Data items:
* * *

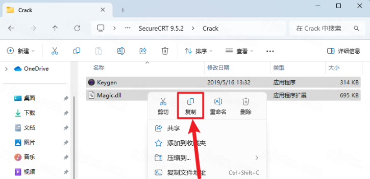 13.回到SecureCRT 9.5.2文件夹,找到【Crack】文件夹,右键【打开】它
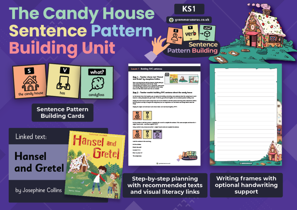 This Sentence Pattern Building Unit is based on the book 'Hansel and Gretel' by Josephine Collins. Unit guide Grammarsaurus unit
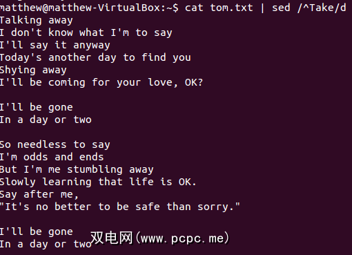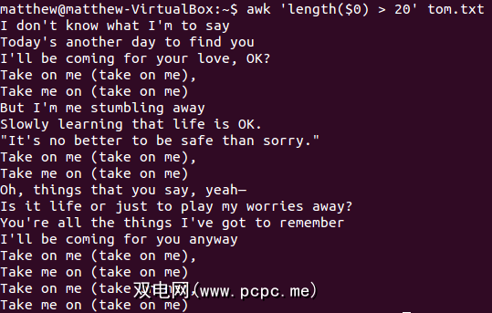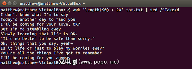 让我们尝试一下:我们将使用Awk列出Take On Me中具有20个以上字符的所有行。然后,我们将剥离所有以“接管" 开头的行。在一起,一切看起来像这样:
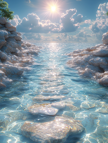beautiful realistic nature view with beautiful water and beautiful blue sky and a lovely sun with good vibe, ultra realistic, a nice way of stones --v 6.1 --q 2 --stylize 1000 --ar 3:4
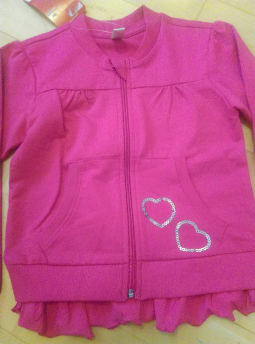 Nova s etiketom roza duksa sa zatvaračem. Na dnu volan i šljokasta srca. Vel 110/116

* * *

● **PROBLEM DETAILS**
Whenever images occur above, omit them and retype each line exactly as it stands.

● **ANSWER TO THIS TASK**
 13.回到SecureCRT 9.5.2文件夹,找到【Crack】文件夹,右键【打开】它
 This Sentence Pattern Building Unit is based on the book 'Hansel and Gretel' by Josephine Collins. Unit guide Grammarsaurus unit
 让我们尝试一下:我们将使用Awk列出Take On Me中具有20个以上字符的所有行。然后,我们将剥离所有以“接管" 开头的行。在一起,一切看起来像这样:
beautiful realistic nature view with beautiful water and beautiful blue sky and a lovely sun with good vibe, ultra realistic, a nice way of stones --v 6.1 --q 2 --stylize 1000 --ar 3:4
 Nova s etiketom roza duksa sa zatvaračem. Na dnu volan i šljokasta srca. Vel 110/116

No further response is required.